Public Service Amendment Bill: Department’s Response to submissions

Meeting Summary

A summary of this committee meeting is not yet available.

Meeting report


09 May 2007

Acting Chairperson: Mr M Baloyi (ANC)

Documents handed out:
Public Service Amendment Bill[B31-2006]
Amendments proposed following bilaterals between COSATU and DPSA
Amendments proposed following COSATU and DPSA bilaterals: PowerPoint Presentation
COSATU submission on Public Service Amendment Bill
Report: SAPS bilateral and matters raised by the North West Premier


The meeting was a report-back by the Department on its response to concerns raised by submissions made by COSATU, the South African Police Service and the Office of the North West Premier. Bilateral meetings had taken place and the ensuing amendments were presented to the Committee. COSATU raised a number of concerns surrounding government agencies, conditions of service, transfer related provisions, abscondment, outside remunerative work, grievance procedure, reduction of salaries as well as regulation making powers. The DPSA also presented the concerns and amendments raised by the South African Police Services and the North West Premier, the presentation included letters between the National Commissioner JS Selebi and the Director-General of the DPSA Professor RM Levin. It was concluded that SAPS be given the freedom to deal with salary changes on their own through collective bargaining.


Opening Remarks
The Acting Chairperson stated that they were there to conduct a further hearing and thus no decision would be taken on adopting the Bill at that meeting. A submission had been made to the Committee that there had been bilateral discussions between the Department and COSATU. This meeting was the result of these bilateral discussions. The Committee would go into formal consideration of the Bill once they had heard everyone's input.
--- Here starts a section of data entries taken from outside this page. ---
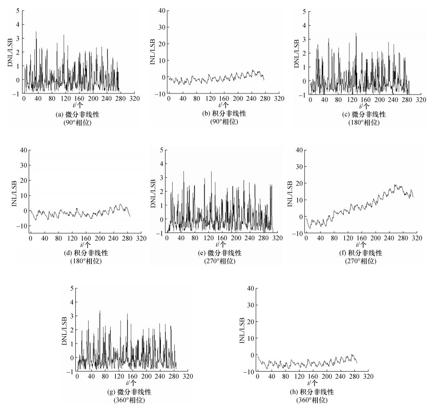 基于两次时间内插的FPGA-TDC的非线性测试结果如图 8所示。90°相位下的DNL为[-0.95, 3.49] LSB,INL为[-4.95, 4.25] LSB;180°相位下的DNL为[-0.99, 3.47] LSB,INL为[-6.69, 4.27] LSB;270°相位下的DNL为[-0.99, 3.50] LSB,INL为[-7.28, 19.27] LSB;360°相位下的DNL为[-0.92, 3.41] LSB,INL为[-8.75, 0.28] LSB。其中DNL和INL在270°相位下的极差最大,分别为4.49 LSB和26.55 LSB。
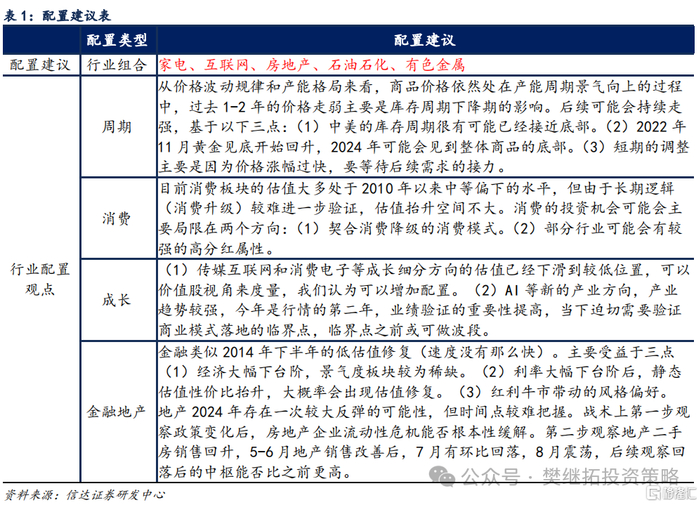 建议配置顺序:上游周期(产能格局好+需求担心释放已经充分)> 出海(长期逻辑好)> 传媒互联网&消费电子(成长股中的价值股)> 金融地产(政策最受益)> 新能源(超跌) > 消费(超跌)。历史上熊转牛第一波,企稳初期较易偏向大盘,但季度反转到中后期风格可能会快速变为小盘。如果底部反转,高PE板块(成长风格)大多情况下表现较好。历史上重要底部反转的第一波上涨,成长风格通常表现更强。但从节奏上来看,大多数情况下,底部反转后的第1个月会是价值风格的板块先涨,到反转后2-3个月成长风格的板块开始变强。随着第一波上涨进入尾声,配置策略可以降低弹性配置。高现金流回馈股东(高ROE低PB)、上游周期、出海,这些配置方向,产业逻辑和之前牛市不同,可能发展为新一轮牛市的最强主线。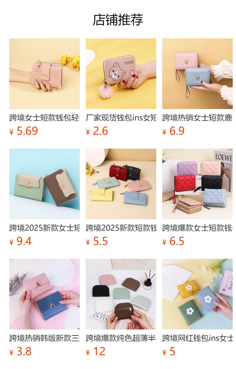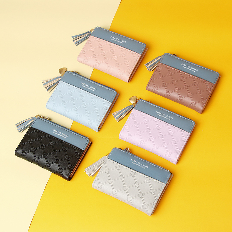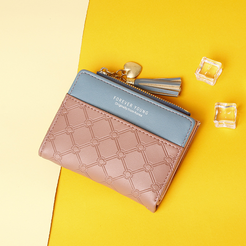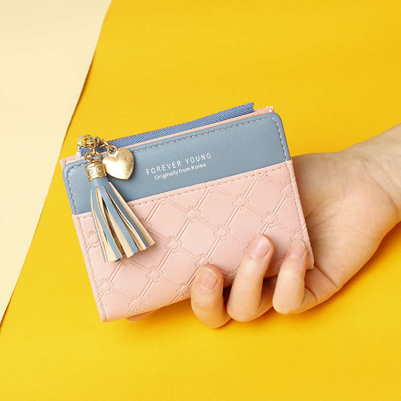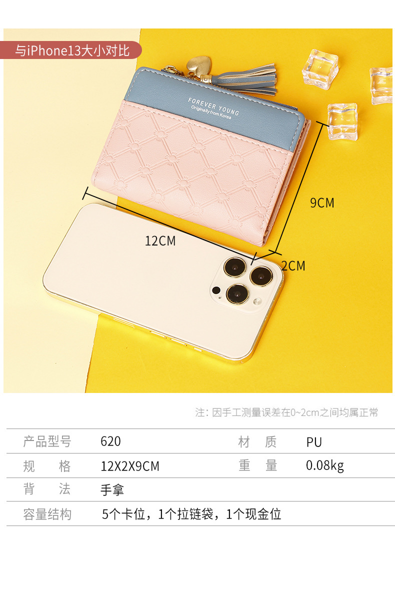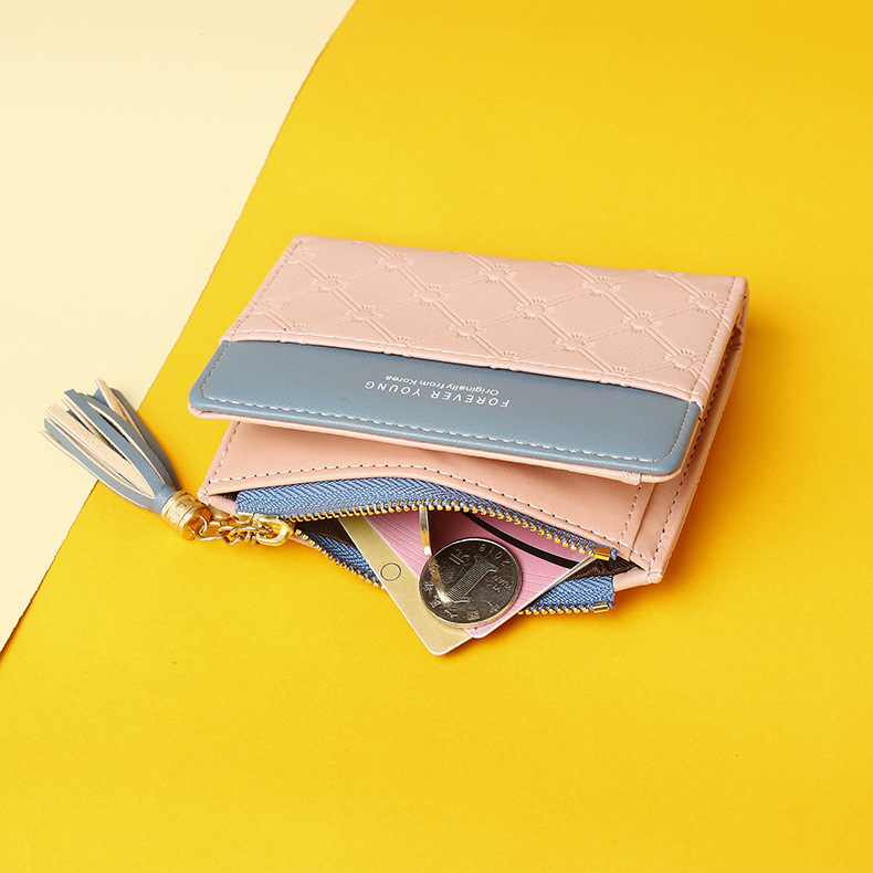 크로스보더 TEMU 인기 여성용 숏 지갑 한국 스타일 배색 심플 지갑 지퍼 동전 지갑 카드 지갑 도매스토어 가기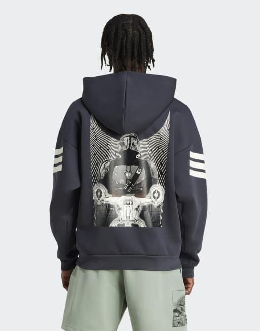 adidas – Star Wars The Mandalorian – Kapuzenpullover in Night Grey mit Rückengrafik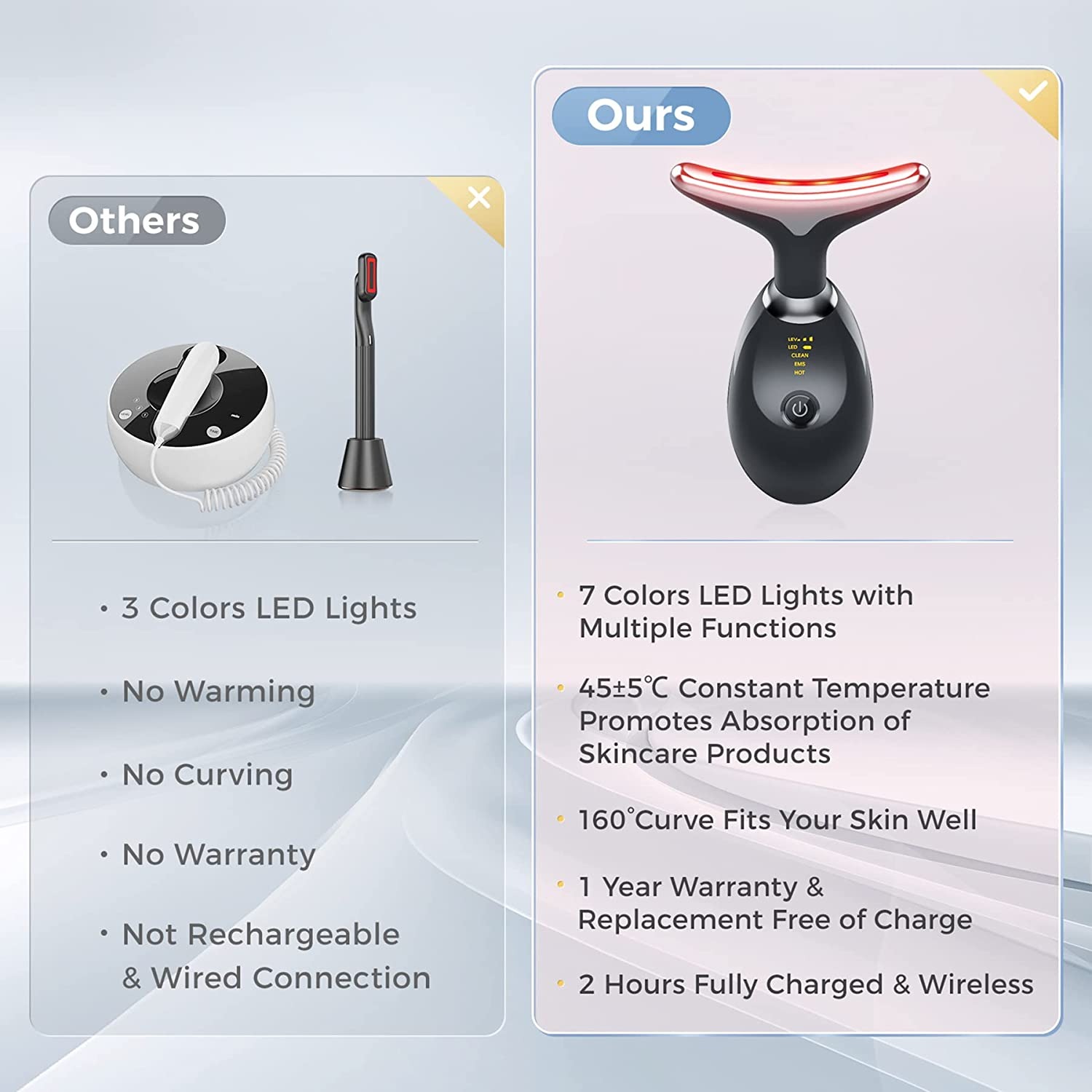 - 45±15°C nemainīga temperatūra veicina ādas kopšanas līdzekļu uzsūkšanos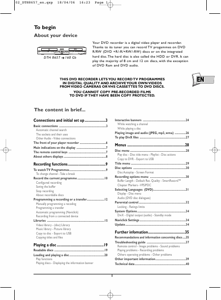 Download THOMSON DTH8357 Anleitung Englisch (0 Seiten) 12.90 EUR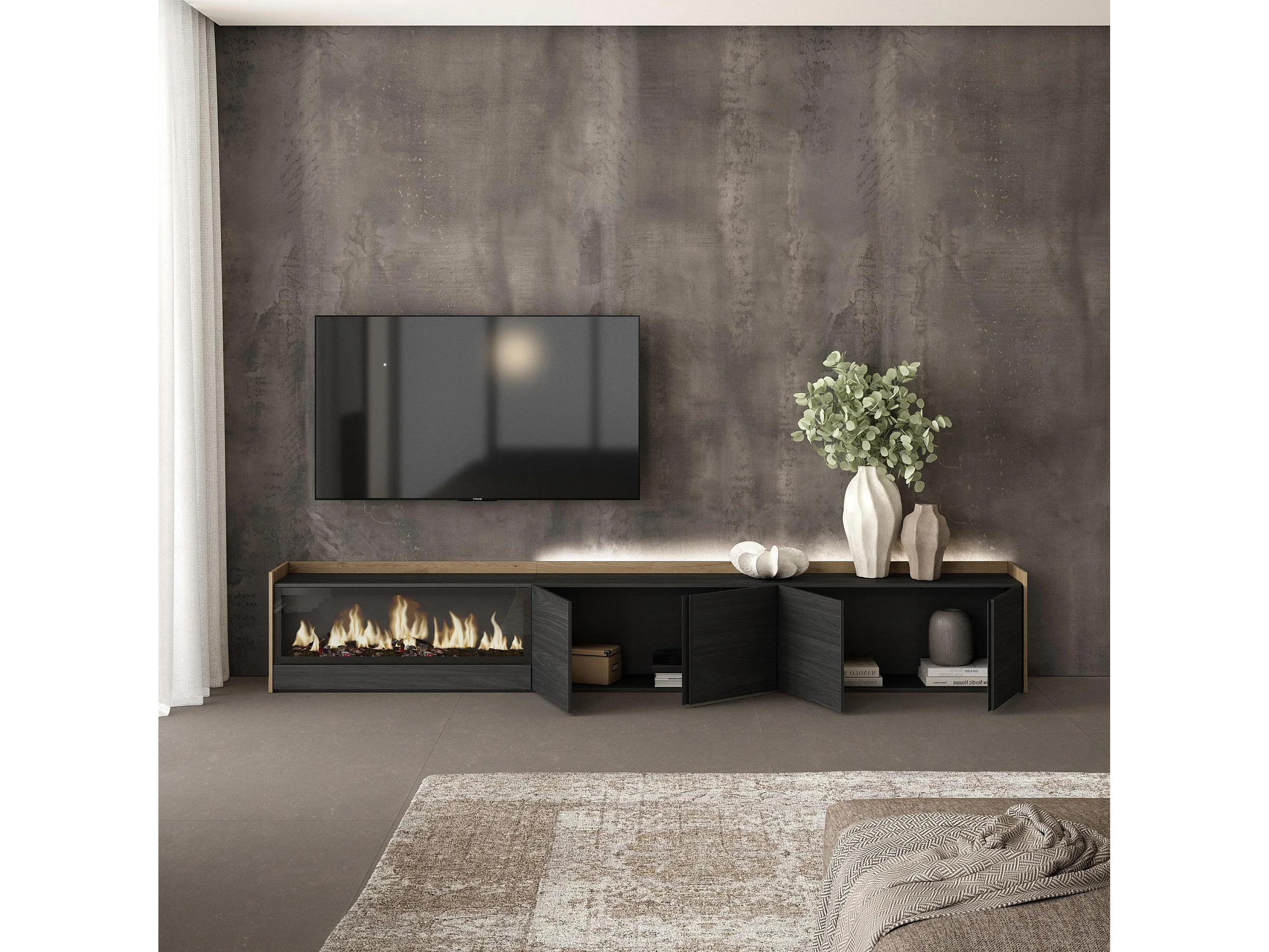 TV-Schrank, Lowboard, 315x50x35 cm, Für TV-Geräte bis zu 80", Elektrokamin XXL, LED, Schwarz Eiche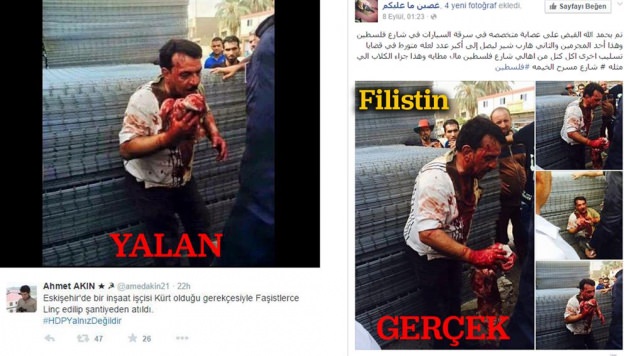 HDP ve PKK sempatizanları provokasyonlarına sosyal medya üzerinden devam ediyor. Sempatizanlar, Suriye ve Filistin'de çekilen katliam fotoğraflarını kullanarak tüm dünyaya "Cizre'de siviller katlediliyor" başlığı ile yayınlıyor. İstihbarat birimleride, son günlerde Cizre'de meydana geldiği iddia edilen olaylarda kullanılan fotoğrafların geçmiş dönemlerde işlenen suçlara ait olduğunu açıkladı.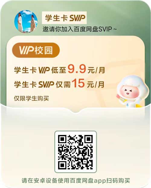 不管是大学生还是高中生,网盘都是学习刚需,但普通会员价格偏高,学生党很难长期承担——而百度网盘学生会员卡,专门为学生群体定制,认证后就能享受长期稳定优惠,比普通会员划算太多!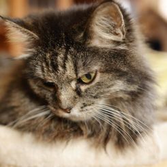 Мурочка - бывшедомашняя кошка, которой не повезло жить в маргинальной семье. Не особо заботились, забывали покормить. А однажды просто не пустили с прогулки домой. Надоела. В другой, новой семье Мура была счастлива два года. Распушилась, похорошела, приосанилась. Почувствовала себя в доме хозяйкой, с удовольствием приняла на себя обязанности нянечки и заботливо растила человечьего малыша. Увы, и этот период жизни закончился печально. Уезжала в новый дом Мурочка неприлично здоровой, а вернули ее с запущенной бронхиальной астмой, измученную страшными и безостановочными приступами кашля. Тем надоела, этим оказалась ненужна нездоровой. Сейчас самочувствие у кошечки хорошее, подобрана поддерживающая терапия.

Proposed Amendments to Bill after DPSA - COSATU Bilateral
Ms Collette Clark (Deputy Director-General: Human Resources Management: Department of Public Service and Administration) gave apologies on behalf of the Director General, Professor R Levin, who could not attend the meeting.

Adv Empie van Schoor (Manager: DPSA Legal Services) proceeded with the presentation, which highlighted the concerns that COSATU had regarding the Bill and measures to deal with these (see document). These matters were:
consultative/advisory bodies to minister, government agencies, conditions of service, transfer related provisions, abscondment, supervening impossibility, outside remunerative work, grievance procedure, reduction of salaries and regulation-making powers.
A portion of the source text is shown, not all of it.